I put my nightgown on quietly so I don't wake my husband. Never mind the sex. My period started anyway.

I check on the kids, pick up the stuffed animal that's fallen on the floor, and pull the covers over my ten-year-old son's shoulders. His legs stretch nearly to the end of his little boy bed. When did this happen? I promise myself not to miss his growing up, not to let this writing make me distracted and self-centered. I kiss my six-year-old on the cheek. He's curled into the top corner of his bed, much too small to play alone for so long, or to realize how awful I was today.
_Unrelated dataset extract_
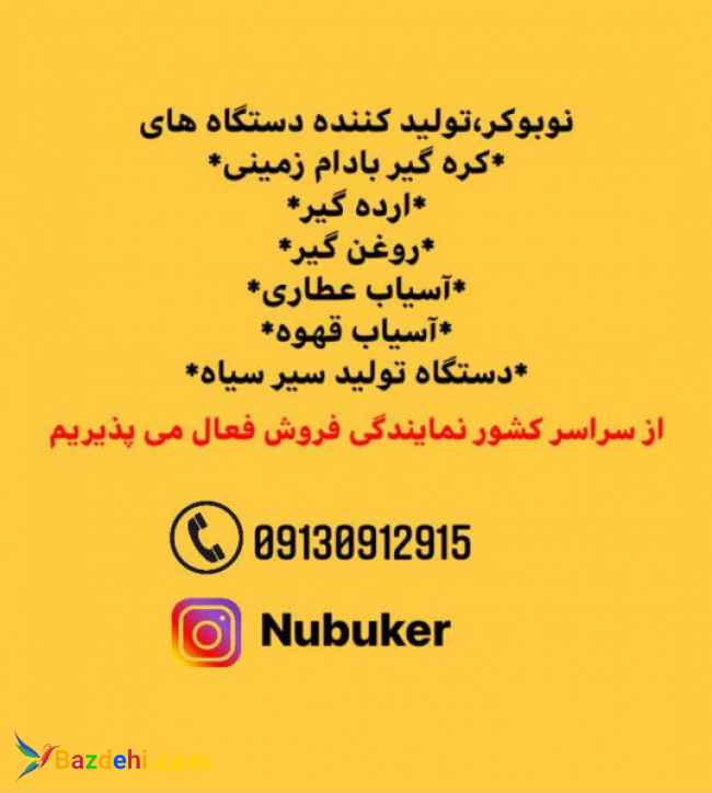 برند معتبر نوبوکر تولید کننده دستگاه های کره گیر بادام زمینی روغن گیر آسیاب قهوه آسیاب عطاری ارده گیر با سنگ مهریز یزد خشک کن میوه و تولید سیر سیاه با دستگاه کره گیر نوبوکر می توانید در حضور مشتری،انواع محصولات زیر را تولید کنید: کره بادام زمینی کره فندق کره پسته کره نارگیل کره بادام کره گردو نوتلا دستگاه های ارده گیر نوبوکر در سایز های مختلف و بازدهی بالا و تماما با سنگ مهریز یزد تولید می شوند. روغن گیر نوبوکر با قابلیت منحصر به فرد و در مدلهای مختلف تولید می شوند و گزینه مناسبی برای استفاده در عطاری ها و فروشگاههای عرضه روغن و محصولات ارگانیک می باشند. با دستگاه روغن گیر نوبوکر می توانید محصولات زیر را تولید کنید: روغن کنجد روغن نارگیل روغن سیاه دانه روغن کرچک روغن بادام تلخ روغن ارگان روغن کتان روغن تخم کدو روغن تخم کتان روغن رازیانه روغن گردو و… آسیابها در چند مدل گهواره ای و چکشی تولید می گردند با خشک کن میوه نوبوکر علاوه بر خشک کردن میوه های مختلف می توان سیر سیاه را تولید کرد *۲سال گارانتی بدون قید و شرط(حتی موتور دستگاه)* *۱۰سال خدمات پس از فروش* *یک هفته تست رایگان* *فروش نقد و اقساط* برای دیدن فیلم دستگاهها از اینستاگرام nubuker بازدید کنید. با کمال میل آماده راهنمایی و پاسخ به سوالات شما هستیم کارگاه:اصفهان،نجف آباد،کمربندی جنوبی نجف آباد،خیابان امام رضا،پلاک ۸۸،نوبوکر 09130912915 سعید خالویی Http://www.nubuker.com این آدرس ایمیل توسط spambots حفاظت می شود. برای دیدن شما نیاز به جاوا اسکریپت دارید Https://www.instagram.com/nubuker 23 بازدید کل ، 1 امروز حلوا ارده آسیاب چکشی ارگانیک کره بادام زمینی ارده کنجد بادام زمینی کره گیری دستگاه کره گیر بادام زمینی دیجی کالا عطاری آسیاب کره گیر بادام زمینی دستگاه کره گیر بادام زمینی ارده گیر روغن گیر آسیاب قهوه نوبوکر آسیاب عطاری بهترین دستگاه کره گیر بادام زمینی خرید دستگاه کره گیر بادام زمینی خانگی دستگاه کره بادام زمینی دستگاه کره بادام زمینی کوچک قیمت دستگاه کره گیر بادام زمینی قیمت دستگاه کره گیر بادام زمینی خانگی روغن کنجد کره گیر کره فندق کره پسته کره گردو کره بادام کره کنجد کره نارگیل بادام زمینی بادام زمینی آستانه بادام زمینی مغان بادام آستانه بادام زمینی آستانه اشرفیه ارده کنجد ارده گیر با سنگ مهریز ارده گیر با سنگ مهریز یزد دستگاه ارده گیر دستگاه ارده دستگاه ارده گیر با سنگ مهریز ادویه آسیاب ادویه آسیاب فلفل آسیاب زردچوبه آسیاب دارچین آسیاب هسته خرما آسیاب سنجد آسیاب گهواره ای قهوه روغن ارده روغن سیاهدانه روغن سیاه دانه روغن کرچک روغن بادام روغن بادام تلخ روغن کاملیا روغن بنفشه دستگاه روغن گیر دستگاه روغن گیر کنجد دستگاه روغن گیر سیاهدانه دستگاه روغن گیر نارگیل روغن نارگیل میوه خشک آجیل گردو فندق پسته بادم خشکبار سیر سیاه تولید سیر سیاه دستگاه تولید سیر سیاه خواص سیر سیاه آجیل فروشی عرضه محصولات ارگانیک لبنیات سنتی عسل روغن زیتون دستگاه کره گیر بادام زمینی دست دوم سیر سیاه چگونه درست می شود سیر سیاه قیمت روغن گیر خانگی روغن گیری در منزل روغن گیر سیاه دانه روغن گیر نارگیل روغن گیر کنجد ارده گیری ارده گیری کنجد ارده گیری خانگی ارده گیری در خانه دستگاه ارده گیری کوچک دستگاه ارده گیری قیمت دستگاه ارده گیری اردکان

No one here needs to see me on the back cover of a book.

Back in our bedroom, my husband looks like a little boy when he sleeps, the way he hugs the pillow like a teddy bear. I climb under the sheet, my Maxi Pad rustling as I wrap a leg around him and hold on. When did I stop living my life just so I could write about it?

Make it a priority to be in the moment. Tomorrow. Because he's asleep anyway, and since the light is on, find a pen and any scrap of paper. Write the words "Antiques Roadshow".